Sense and Sensibility (1995) dir. by Ang Lee

Shout out to Jane Austen. She really knows how to write a story. Her novels have made so many great screen adaptations. Don’t even get me started on Pride and Prejudice with Colin Firth and Jennifer Ehle. Emma Thompson wrote the screenplay for Sense and Sensibility. She also plays Elinor Dashwood, the sensible sister to Kate Winslet’s Marianne Dashwood, who is a compulsive romantic. These sisters have their trouble with money and love, but don’t worry, it all turns out for the best in the end. As well as the social commentary, the frocks and bonnets and English countryside, there are many things to love about this film. The acting is great and it’s directed by two-time Oscar winner, Ang Lee. If you’re shy of period films this one is bound to make you fall in love.

Titanic (1997) | dir. by James Cameron

Written by James Cameron and starring Leonardo DiCaprio and Kate Winslet, Titanic is a story of star-crossed lovers. Not surprisingly, it ends badly. Not only does a giant iceberg ruin their date but also one of the lovers freezes to death. This was a massive film. It cost a bunch, made a bunch more, won a whole throng of awards including eleven Academy Awards and made James Cameron the self-proclaimed king of the world. It started the craze of standing at the front of a boat with your arms out saying ‘I’m flying’. It’s beautiful, stylish, romantic and action packed. Kate and Leo have great chemistry but this epic is epic. Running at 194 minutes, you’ll definitely need to pack some snacks.
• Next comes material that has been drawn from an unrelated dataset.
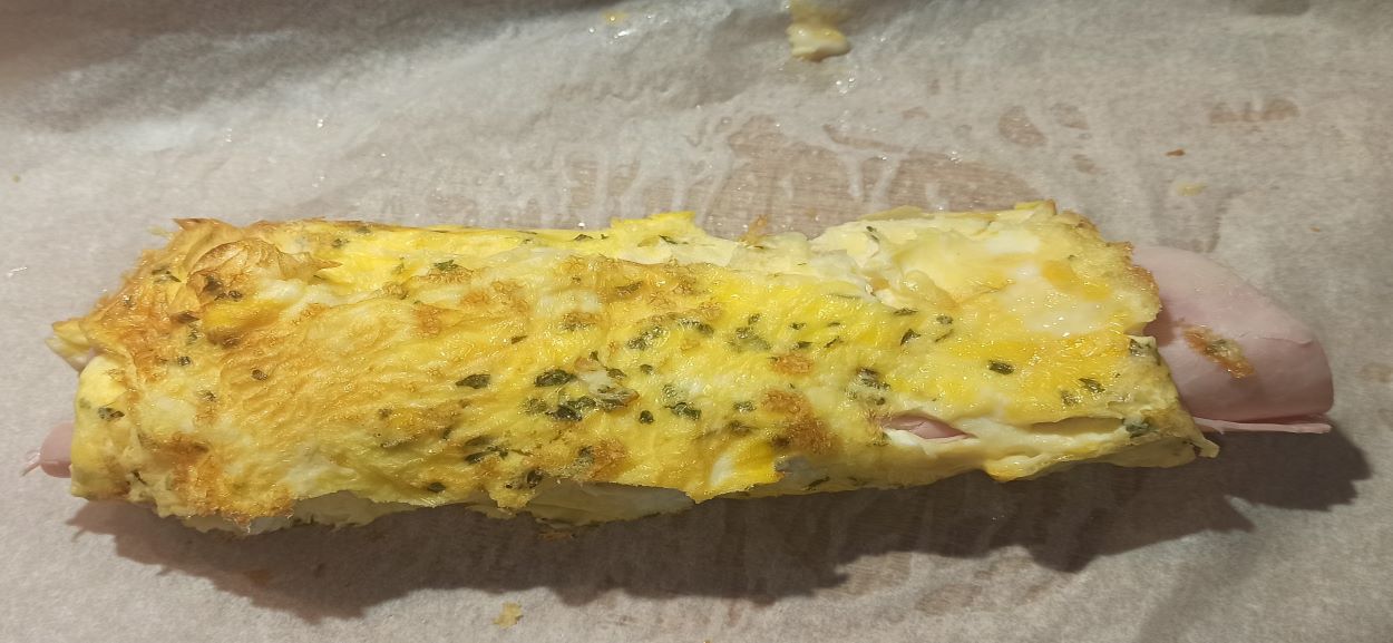 Cuocete a 200° per cinque minuti. Il vostro rotolo frittata del goloso, è pronto per essere servito e gustato.

Gladiator (2000) | dir. by Ridley Scott

Gladiator is a testosterone-fuelled period piece with most of the frocks and bonnets worn by dudes. Taking us all the way back to ancient Rome, a man vows to get revenge for the murder of his wife and child. Russell Crowe stars as the Gladiator and he kicks some serious ass. This is a huge movie which won five Oscars including best picture – though Ridley Scott missed out on Best Director. This is an epic movie about power, revenge and justice. There are stunning action sequences and a cast of thousands, which includes tigers. If you like swords, horses and blood then this might be the period drama to get your juices flowing.
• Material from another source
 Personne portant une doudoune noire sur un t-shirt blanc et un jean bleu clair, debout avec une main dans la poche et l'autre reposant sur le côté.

Marie Antoinette (2006) | dir. by Sofia Coppola

Both written and directed by Sofia Coppola, Marie Antoinette stars Kirsten Dunst and Jason Schwartzman. It’s a colourful portrayal of the French Queen’s rise to power with an awesome soundtrack. And I mean literally colourful. The costumes are stunning. They’re lavish and bold and hot pink and purple. Pretty spectacular. And Milena Canonero won the Academy Award for her design. Sofia Coppola adds a modern twist to this historic tale making it fun, youthful and fresh. Marie Antoinette a kind of retro-Kardashian. She becomes lost in money and power and indulges her every urge while people starve. This film is a visual feast. It’s alive and sexy and probably the only period film that features songs by The Strokes, Adam and the Ants and New Order.
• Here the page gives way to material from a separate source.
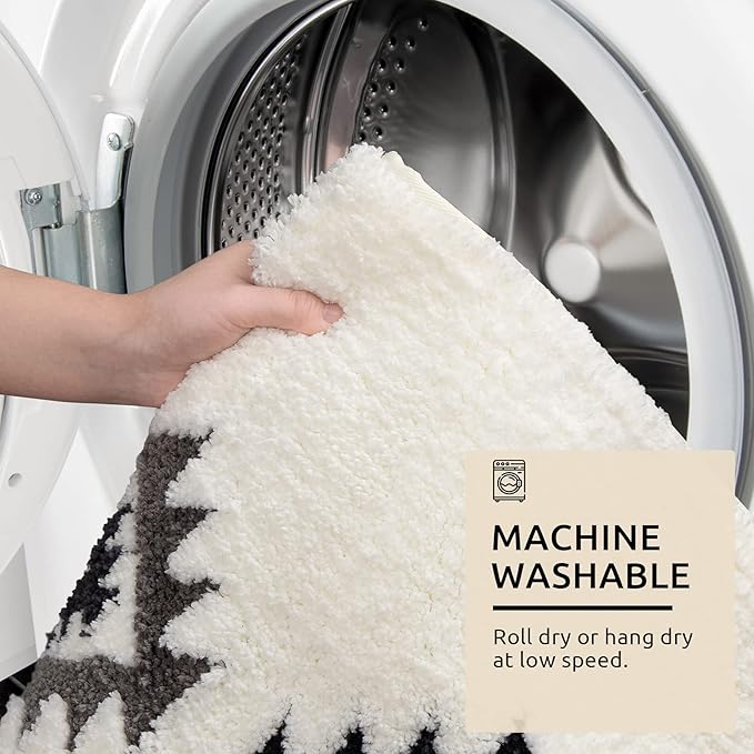 DEXDE Bathroom Runner Rugs 24x60 Boho Long Bath Mat for Bathroom Bedroom Hallway Kitchen Luxury Soft Absorbent Large Bath Rugs Bohemian Carpet Geometric Farmhouse Decor, Black White

Jane Eyre (2011) | dir. by Cary Fukunaga

‘Jane Eyre’ is one of my favourite books. And this is by far my favourite screen adaption. Yes, I’ve seen them all. The screenplay adaption by Moira Buffini is so succinct yet still encapsulates all the most important moments. In the book, Jane and Rochester are described as ‘plain’. But surely they’re hot in everyone’s minds? That’s why it was so great when Mia Wasikowska and Michael Fassbender were cast. Sure, they’re excellent actors. But they’re also easy to look at. The whole design of this film is cool, too. It’s period without the frills. There’s frayed lace and fingerless gloves. Cary Fukunaga, who directed the first season of True Detective, is at the helm of this film. Going in with high expectations, I loved Jane Eyre. And if she were alive, I’m sure Charlotte Bronte would dig it, too.